Recreate over RollingUpdate because an RWO volume can only attach to one pod at a time. The old pod must terminate before the new one schedules.

Upgrading

The genosyn upgrade CLI command drives Docker on a single host — it has no idea about your cluster. Roll the Deployment instead:

bash
kubectl -n genosyn set image deploy/genosyn app=ghcr.io/genosyn/app:0.3.47
kubectl -n genosyn rollout status deploy/genosyn

Pin a tag rather than tracking latest — that's how you get repeatable rollbacks. Image tags carry no v prefix, even though the matching GitHub release does: the release is v0.3.47, the image is app:0.3.47.

Backups

On Docker, genosyn backup tarballs the data volume. On Kubernetes you back up two things, separately:

  • The Postgres database. Use the backup story that shipped with your Postgres operator or managed service — pg_dump on a CronJob is the cheapest option.
  • The genosyn-data PVC. Use a VolumeSnapshot if your StorageClass supports it, or a CronJob that tars the volume to object storage.

Restore is symmetric: load Postgres first, then rehydrate the PVC, then start the Deployment.

A Helm chart?

Not officially shipped. The manifests above are short enough that templating them adds more friction than it removes for most teams — and a chart we'd have to lint, publish, and version across Genosyn releases is a real maintenance surface.
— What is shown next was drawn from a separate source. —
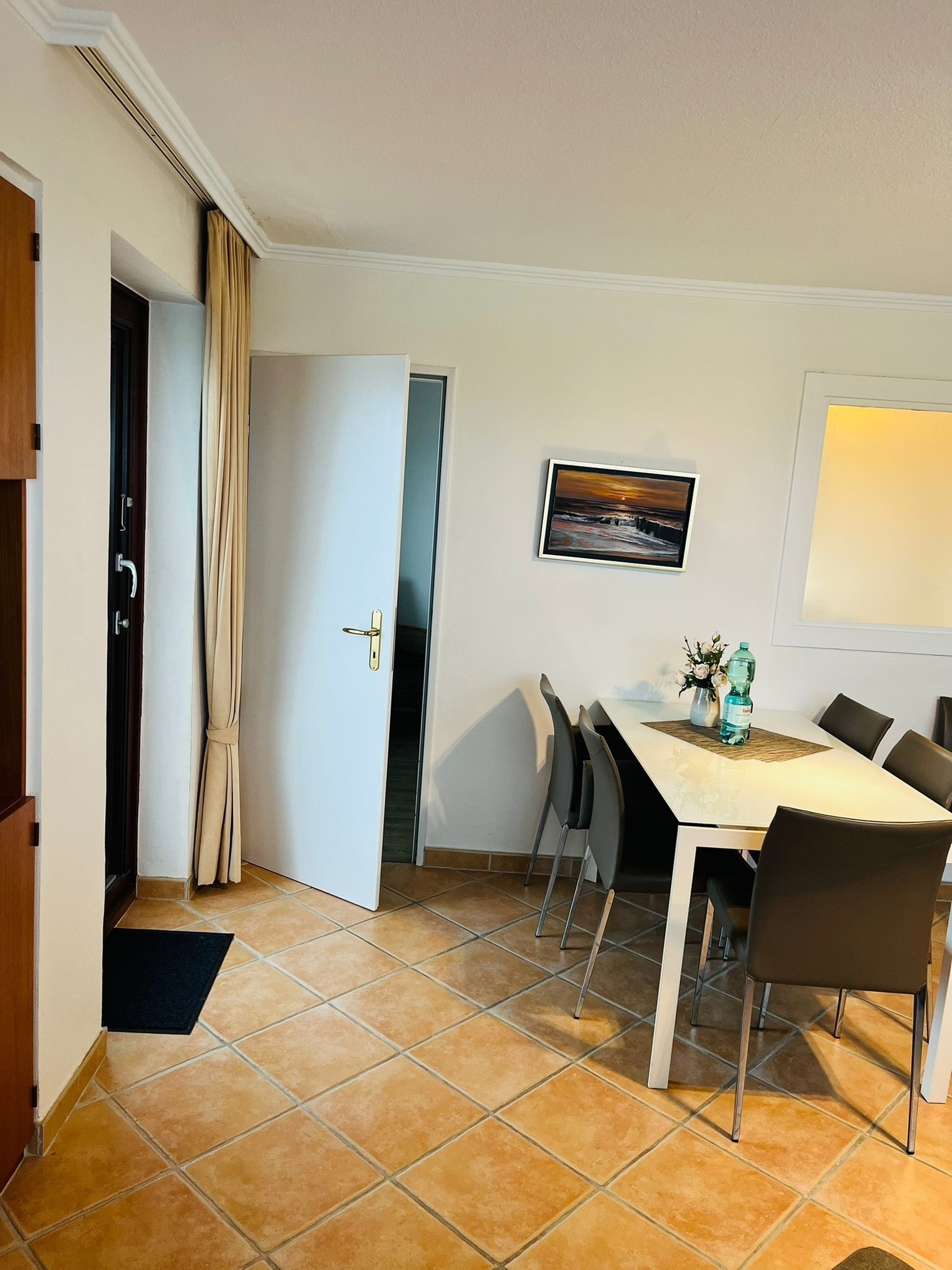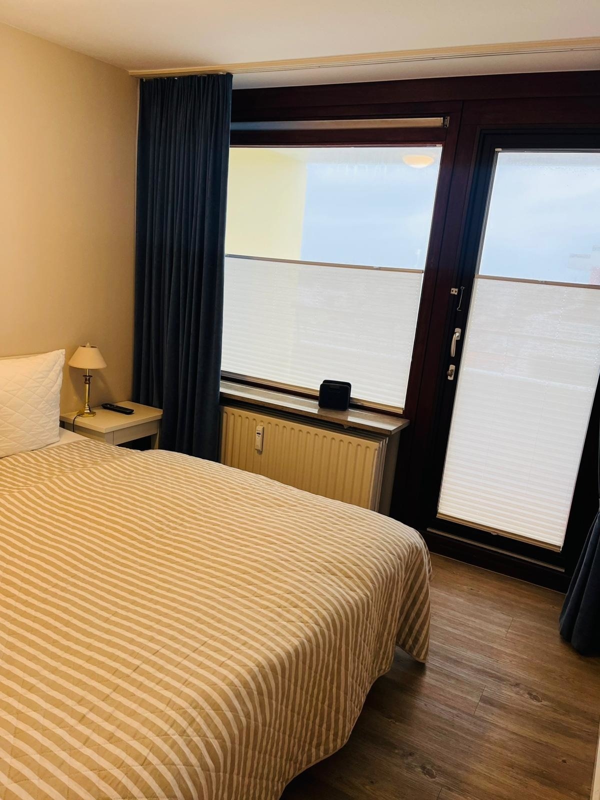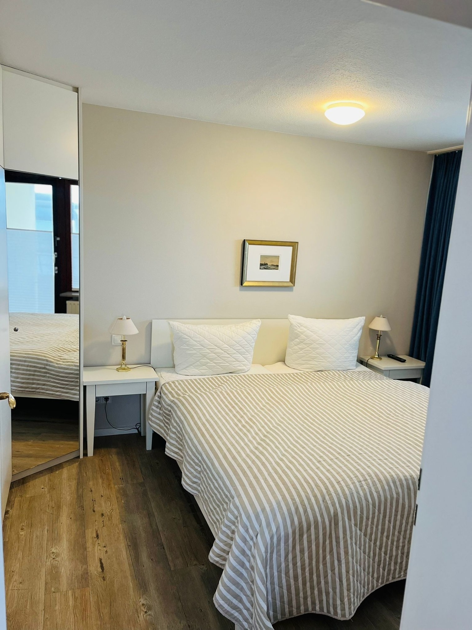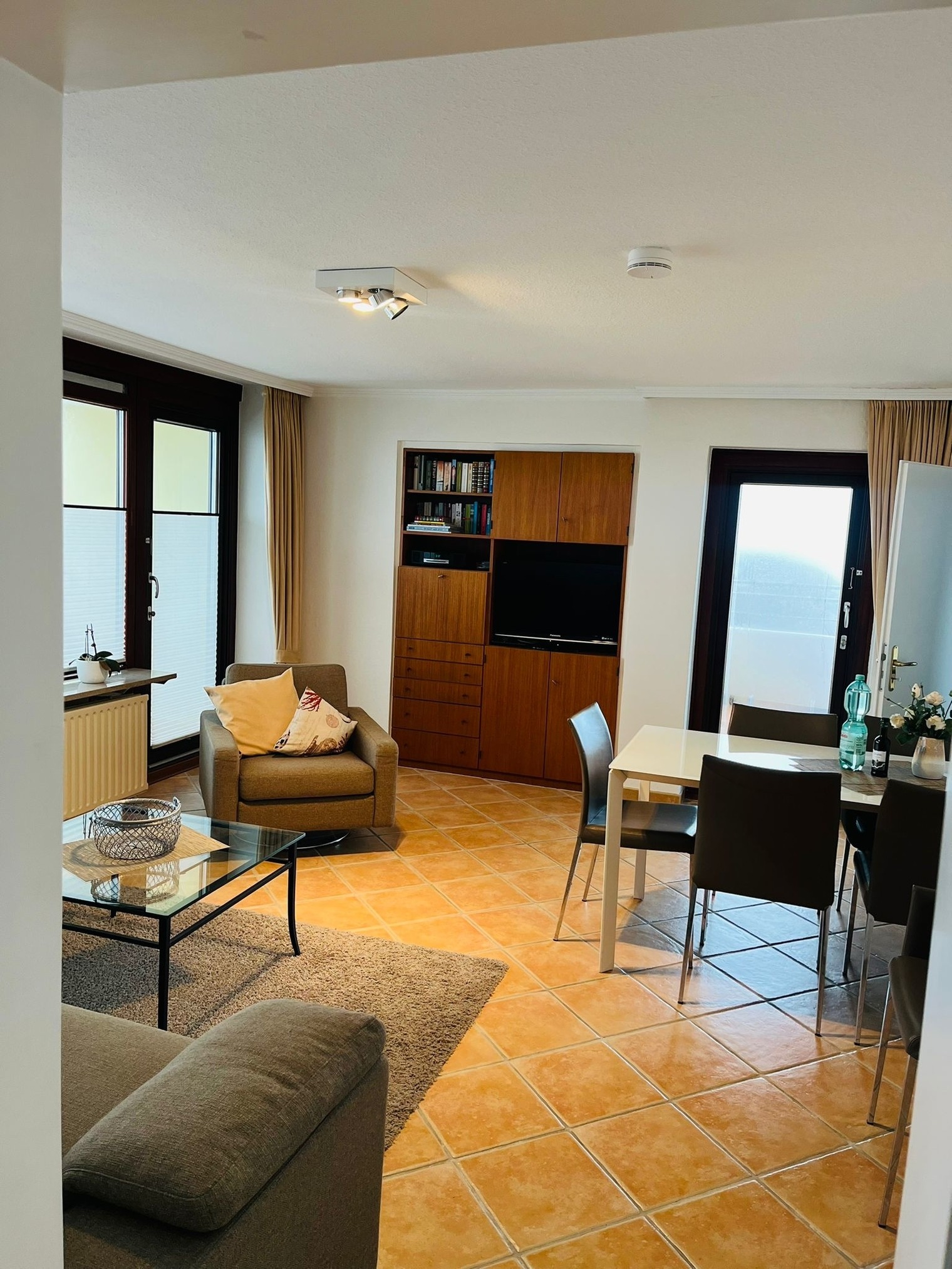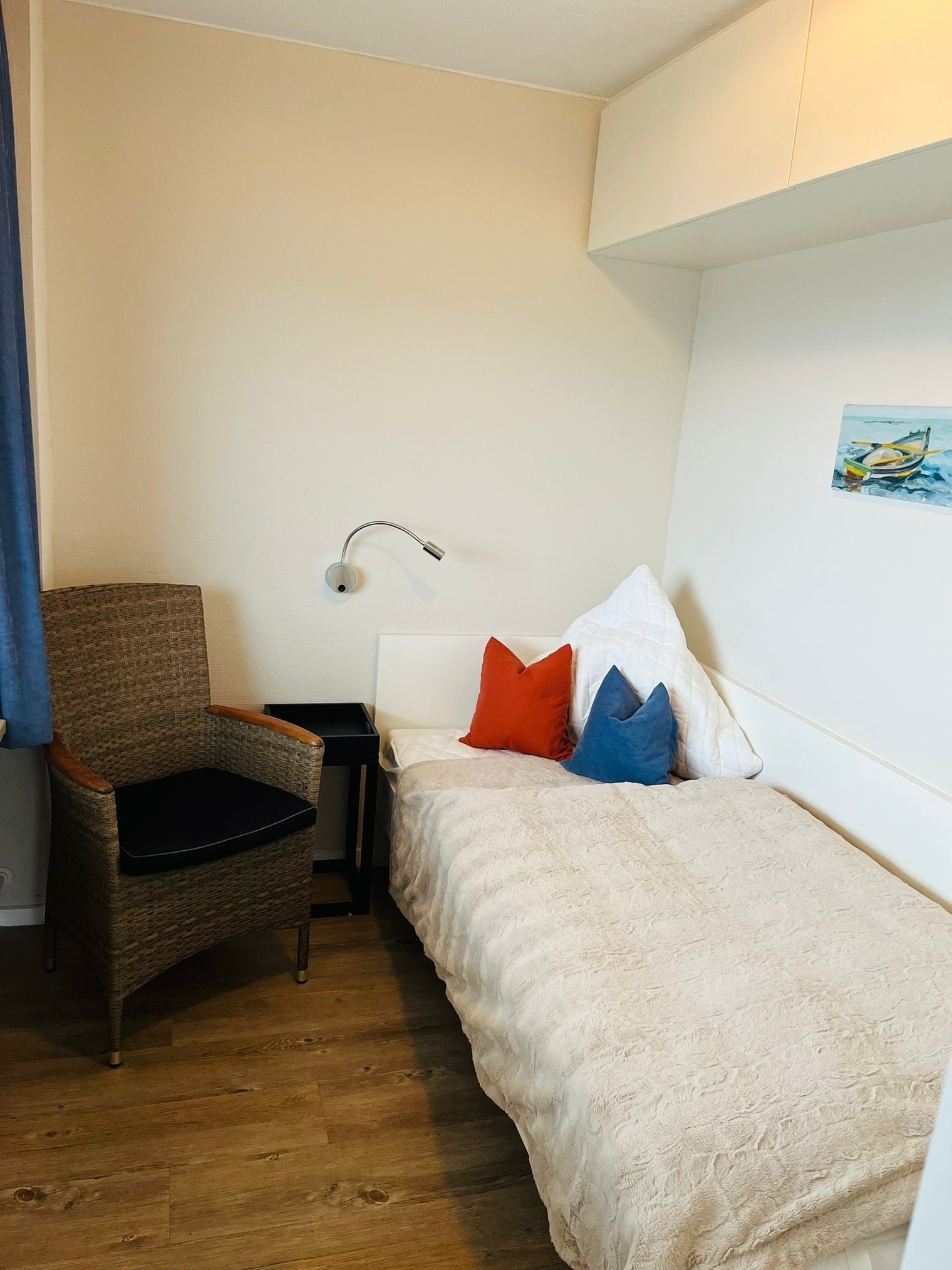 Vorflur, kleine sep. Küche mit Geschirrspüler, großes helles, modernes Wannenbad und extra Dusche, WC. Heller Schlafraum mit Doppelbett eigenen Flachbildfernseher und sep. Balkon zum Osten. Wohnraum mit Sitzgarnitur (Sofa und Sessel), großer Essplatz, Flachbildfernseher, Radio mit CD-Player von BOSE, hauseigenes freies WLAN. Kl. sep. Schlafraum zum Süden mit einem Einzelbett und einen Notbett für die 4.te Pers. KEIN Teppichboden.

If you build one internally, the values worth parameterising are image.tag, ingress.host, persistence.size, and the contents of the config ConfigMap. Open an issue if you'd like to upstream it — community charts are welcome.

Next steps

Once the pod is healthy, open your Ingress host, create the first owner account, and follow the post-install path: pick a model, create an AI Employee, schedule a Routine.